:: SUPPLIED RECORDS ::

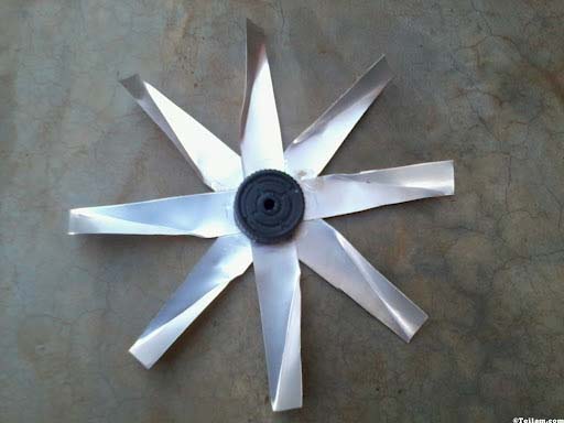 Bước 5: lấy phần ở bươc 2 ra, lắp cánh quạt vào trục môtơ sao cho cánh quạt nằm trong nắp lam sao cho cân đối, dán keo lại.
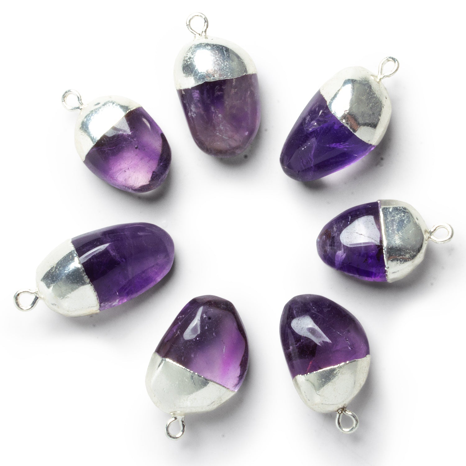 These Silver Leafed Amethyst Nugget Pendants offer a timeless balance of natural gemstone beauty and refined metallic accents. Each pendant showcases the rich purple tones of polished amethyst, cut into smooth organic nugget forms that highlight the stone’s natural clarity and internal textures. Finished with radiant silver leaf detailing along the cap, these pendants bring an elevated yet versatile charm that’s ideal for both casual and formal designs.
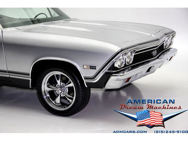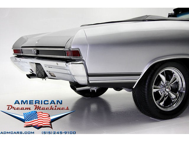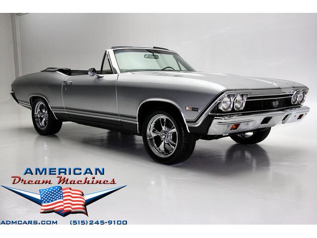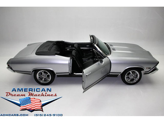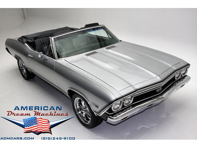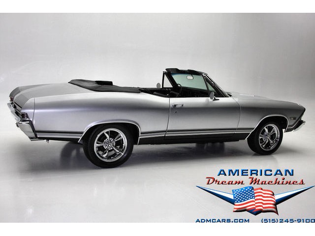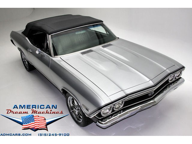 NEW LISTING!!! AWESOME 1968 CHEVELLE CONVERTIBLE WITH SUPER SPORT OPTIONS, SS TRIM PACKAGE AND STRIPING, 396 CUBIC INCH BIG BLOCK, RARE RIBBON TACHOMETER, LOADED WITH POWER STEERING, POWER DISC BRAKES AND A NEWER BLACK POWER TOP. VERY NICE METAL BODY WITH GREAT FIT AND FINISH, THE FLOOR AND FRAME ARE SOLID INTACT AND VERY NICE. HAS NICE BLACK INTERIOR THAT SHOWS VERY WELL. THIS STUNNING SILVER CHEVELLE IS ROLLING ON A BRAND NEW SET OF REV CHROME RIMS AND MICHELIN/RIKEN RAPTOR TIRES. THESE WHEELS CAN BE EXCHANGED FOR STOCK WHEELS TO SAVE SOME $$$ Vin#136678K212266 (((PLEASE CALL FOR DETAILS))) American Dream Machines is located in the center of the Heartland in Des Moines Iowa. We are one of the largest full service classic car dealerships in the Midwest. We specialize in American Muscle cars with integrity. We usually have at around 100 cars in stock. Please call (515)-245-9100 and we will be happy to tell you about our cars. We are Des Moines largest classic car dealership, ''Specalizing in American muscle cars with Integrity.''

:::
:: SUPPLIED RECORDS ::

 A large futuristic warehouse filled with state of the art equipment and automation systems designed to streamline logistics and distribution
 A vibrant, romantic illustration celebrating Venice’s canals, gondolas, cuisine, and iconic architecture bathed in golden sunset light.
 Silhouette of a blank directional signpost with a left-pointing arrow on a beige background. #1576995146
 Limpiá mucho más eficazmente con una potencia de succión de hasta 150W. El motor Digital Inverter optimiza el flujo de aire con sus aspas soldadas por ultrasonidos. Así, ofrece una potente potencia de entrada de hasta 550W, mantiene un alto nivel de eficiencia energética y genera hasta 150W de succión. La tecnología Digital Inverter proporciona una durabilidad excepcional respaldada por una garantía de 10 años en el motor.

:::
:: SUPPLIED RECORDS ::

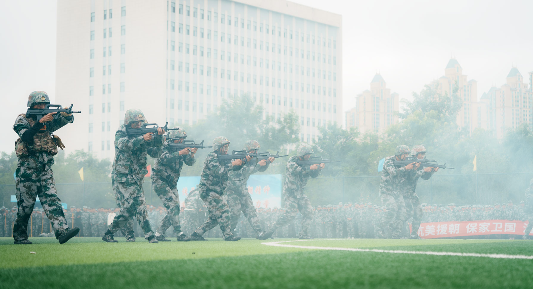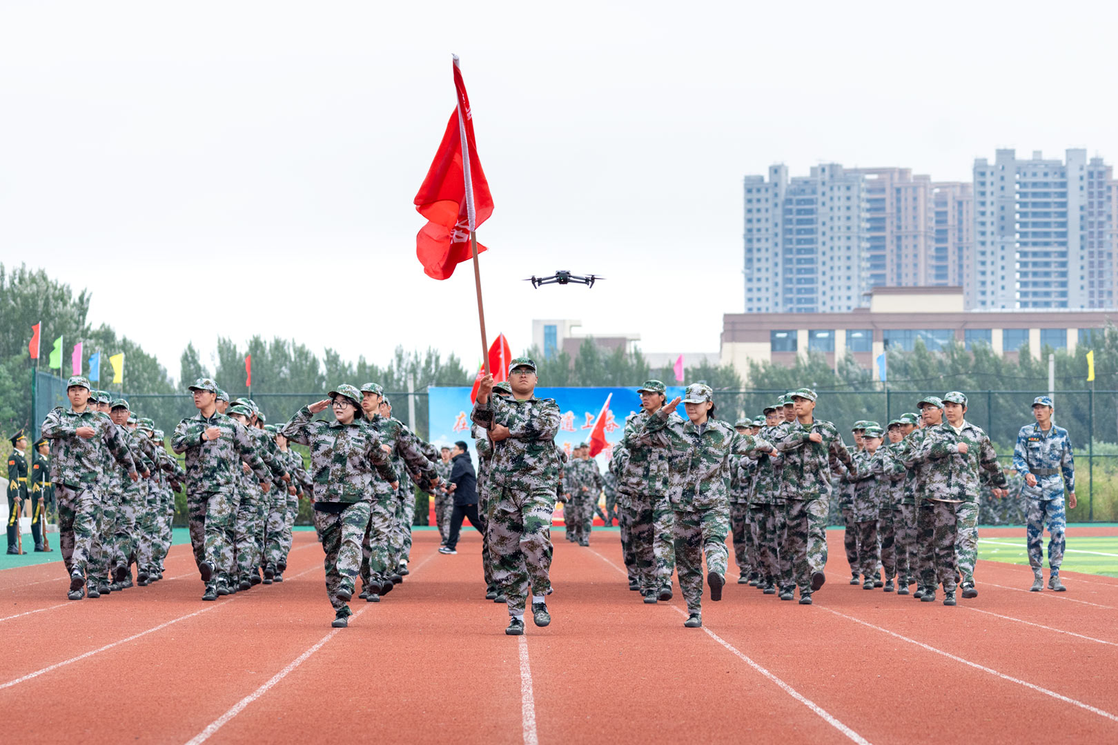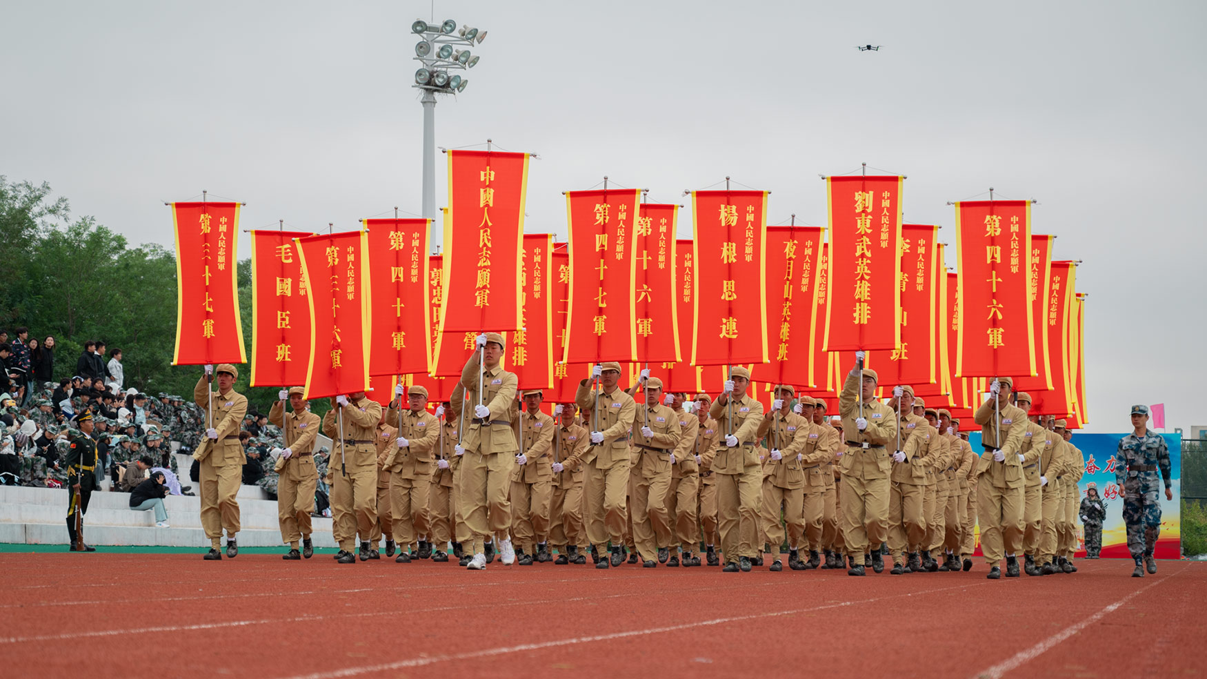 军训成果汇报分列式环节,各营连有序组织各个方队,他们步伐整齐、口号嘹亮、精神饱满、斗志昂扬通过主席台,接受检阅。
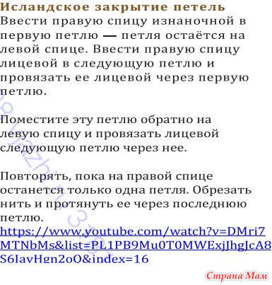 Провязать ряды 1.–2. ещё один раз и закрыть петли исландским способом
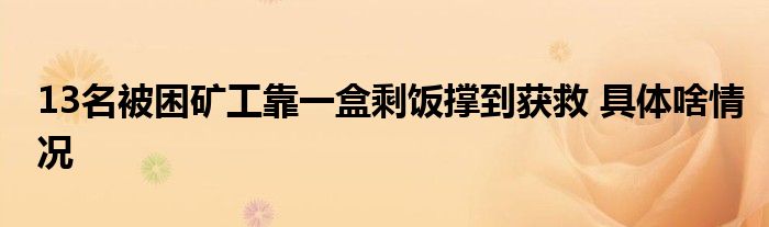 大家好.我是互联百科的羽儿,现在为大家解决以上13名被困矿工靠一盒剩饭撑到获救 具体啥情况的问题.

:::

Extract, without any images, the part of the material above that opens with the line containing "Bước 5: lấy" and closes with the line containing "NEW LISTING!!! AWESOME", both lines included.

* ANSWER TO THE EXERCISE:
 Bước 5: lấy phần ở bươc 2 ra, lắp cánh quạt vào trục môtơ sao cho cánh quạt nằm trong nắp lam sao cho cân đối, dán keo lại.
 These Silver Leafed Amethyst Nugget Pendants offer a timeless balance of natural gemstone beauty and refined metallic accents. Each pendant showcases the rich purple tones of polished amethyst, cut into smooth organic nugget forms that highlight the stone’s natural clarity and internal textures. Finished with radiant silver leaf detailing along the cap, these pendants bring an elevated yet versatile charm that’s ideal for both casual and formal designs.
 NEW LISTING!!! AWESOME 1968 CHEVELLE CONVERTIBLE WITH SUPER SPORT OPTIONS, SS TRIM PACKAGE AND STRIPING, 396 CUBIC INCH BIG BLOCK, RARE RIBBON TACHOMETER, LOADED WITH POWER STEERING, POWER DISC BRAKES AND A NEWER BLACK POWER TOP. VERY NICE METAL BODY WITH GREAT FIT AND FINISH, THE FLOOR AND FRAME ARE SOLID INTACT AND VERY NICE. HAS NICE BLACK INTERIOR THAT SHOWS VERY WELL. THIS STUNNING SILVER CHEVELLE IS ROLLING ON A BRAND NEW SET OF REV CHROME RIMS AND MICHELIN/RIKEN RAPTOR TIRES. THESE WHEELS CAN BE EXCHANGED FOR STOCK WHEELS TO SAVE SOME $$$ Vin#136678K212266 (((PLEASE CALL FOR DETAILS))) American Dream Machines is located in the center of the Heartland in Des Moines Iowa. We are one of the largest full service classic car dealerships in the Midwest. We specialize in American Muscle cars with integrity. We usually have at around 100 cars in stock. Please call (515)-245-9100 and we will be happy to tell you about our cars. We are Des Moines largest classic car dealership, ''Specalizing in American muscle cars with Integrity.''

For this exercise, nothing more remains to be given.